▸ **PROBLEM TO WORK ON**
The result should be an exact copy of only the lines from the one holding "Grey Flared Mini Skirt Mid Waist Zip Up" through the last line of the data below, please, without pictures.

^^^^

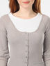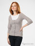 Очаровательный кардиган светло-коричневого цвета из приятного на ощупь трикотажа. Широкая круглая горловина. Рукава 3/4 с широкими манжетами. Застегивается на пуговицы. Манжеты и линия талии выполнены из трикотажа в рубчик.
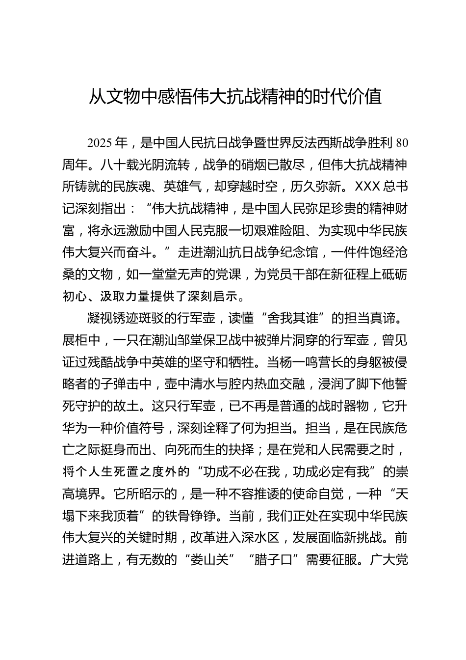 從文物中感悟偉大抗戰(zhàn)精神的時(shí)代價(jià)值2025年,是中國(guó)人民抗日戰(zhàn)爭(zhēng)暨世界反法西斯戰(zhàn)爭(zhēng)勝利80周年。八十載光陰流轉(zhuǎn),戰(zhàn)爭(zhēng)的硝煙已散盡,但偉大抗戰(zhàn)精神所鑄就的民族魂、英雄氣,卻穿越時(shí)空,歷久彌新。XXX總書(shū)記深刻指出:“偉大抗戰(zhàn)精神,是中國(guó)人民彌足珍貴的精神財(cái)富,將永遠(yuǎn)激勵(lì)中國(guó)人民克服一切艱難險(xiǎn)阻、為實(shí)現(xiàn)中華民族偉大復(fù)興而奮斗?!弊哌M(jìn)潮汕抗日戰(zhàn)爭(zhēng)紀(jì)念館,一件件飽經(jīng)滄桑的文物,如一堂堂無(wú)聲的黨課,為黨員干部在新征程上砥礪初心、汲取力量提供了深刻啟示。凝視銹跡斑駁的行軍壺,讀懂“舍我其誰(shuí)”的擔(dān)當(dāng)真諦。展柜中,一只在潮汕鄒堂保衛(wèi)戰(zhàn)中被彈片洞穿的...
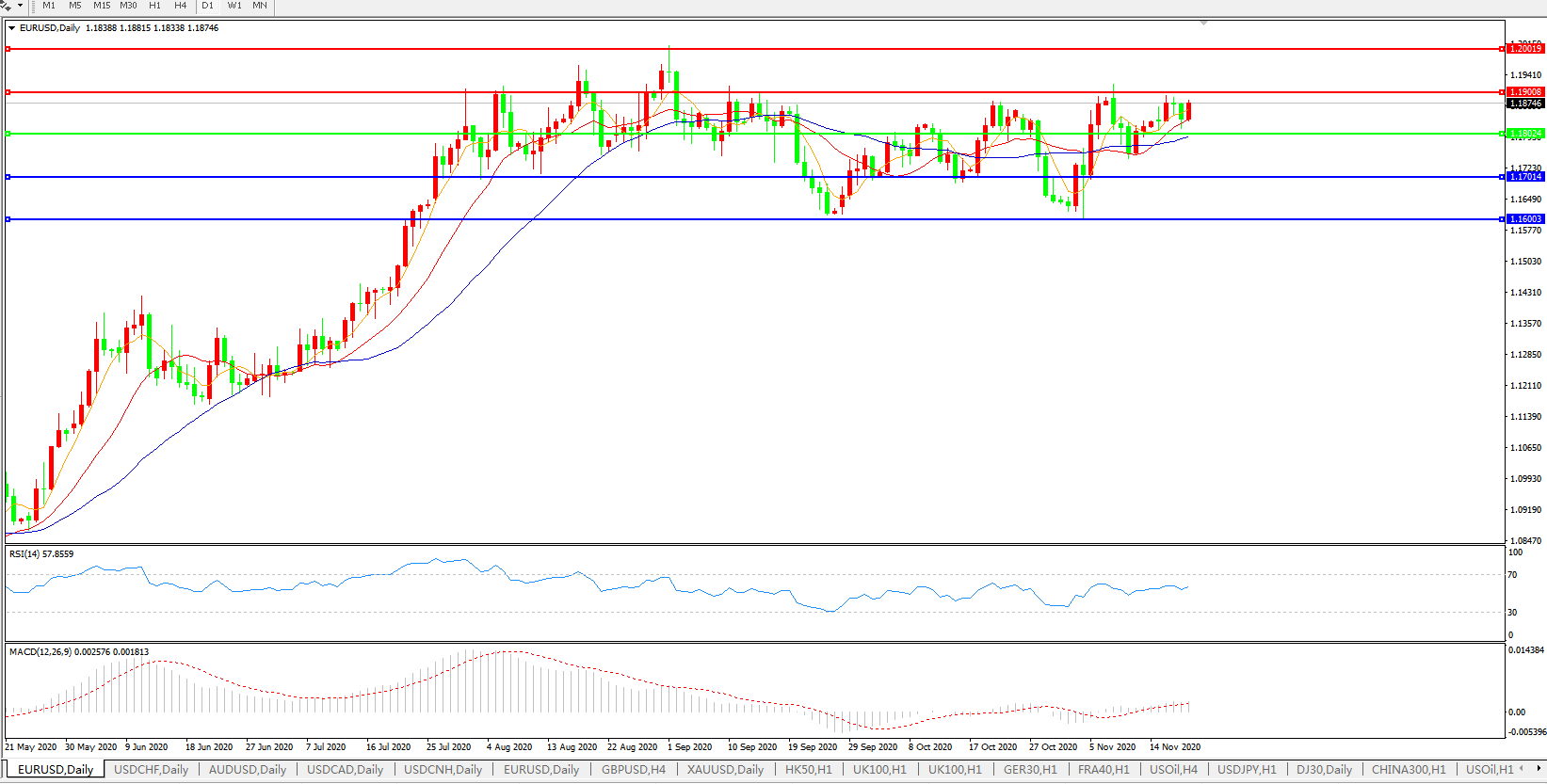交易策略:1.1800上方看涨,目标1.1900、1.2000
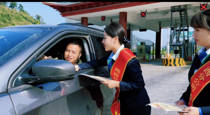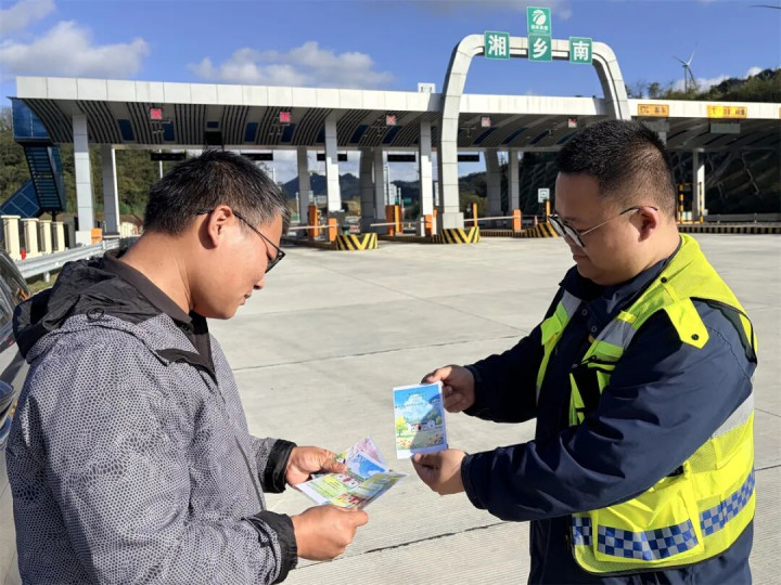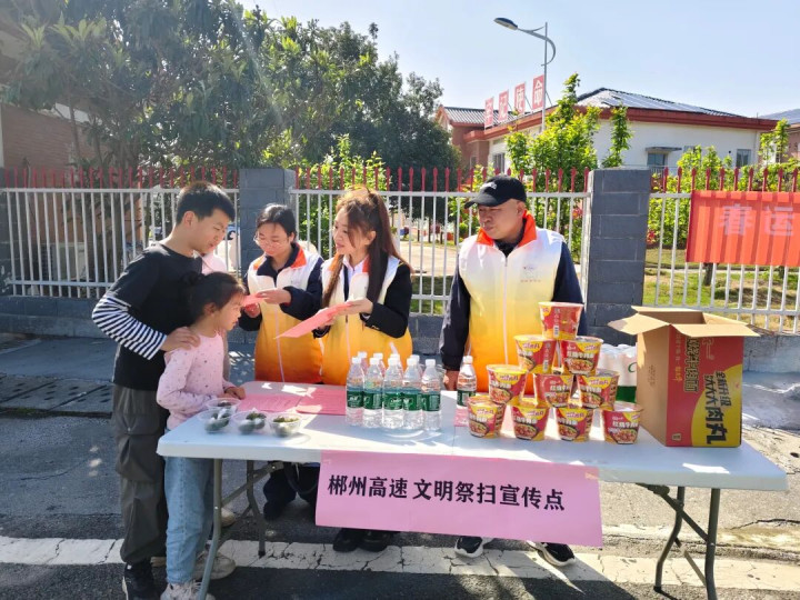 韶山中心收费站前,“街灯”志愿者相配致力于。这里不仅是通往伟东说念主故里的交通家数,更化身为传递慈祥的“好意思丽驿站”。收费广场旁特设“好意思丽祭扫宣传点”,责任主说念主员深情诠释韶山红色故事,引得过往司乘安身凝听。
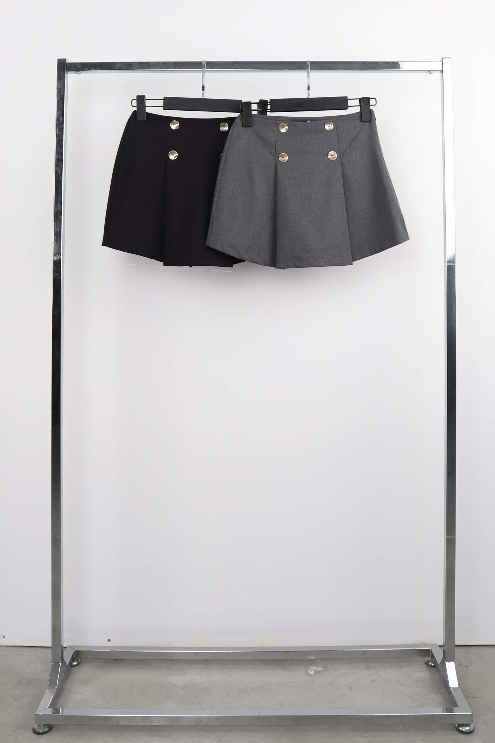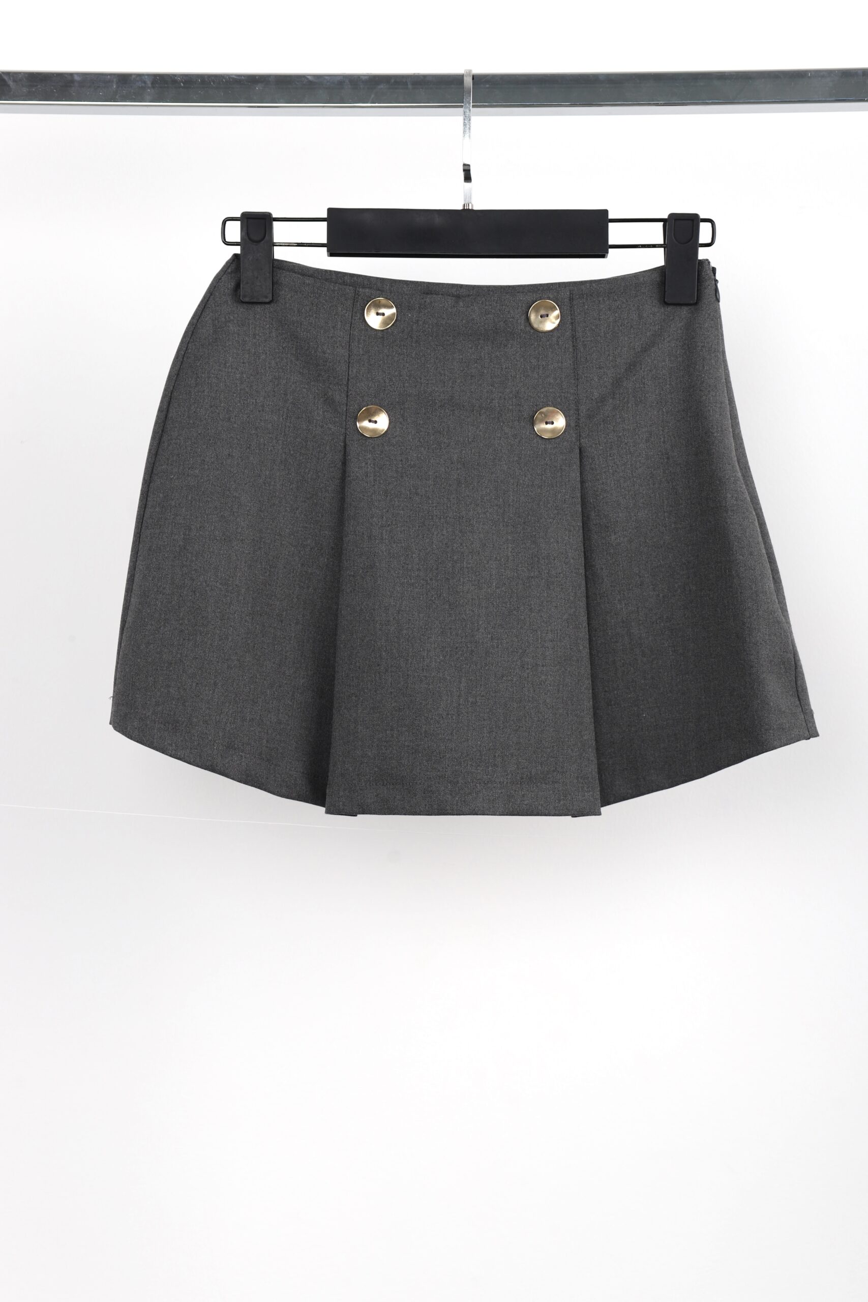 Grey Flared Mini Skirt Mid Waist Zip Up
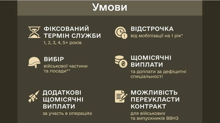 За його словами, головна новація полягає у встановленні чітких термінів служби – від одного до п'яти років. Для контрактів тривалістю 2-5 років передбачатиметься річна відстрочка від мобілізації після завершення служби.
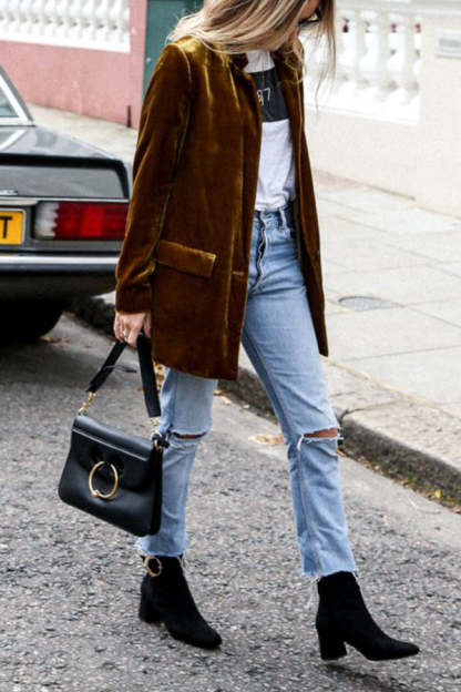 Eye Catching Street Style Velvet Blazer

^^^^

▸ **FINISHED EXERCISE**
 Grey Flared Mini Skirt Mid Waist Zip Up
 За його словами, головна новація полягає у встановленні чітких термінів служби – від одного до п'яти років. Для контрактів тривалістю 2-5 років передбачатиметься річна відстрочка від мобілізації після завершення служби.
 Eye Catching Street Style Velvet Blazer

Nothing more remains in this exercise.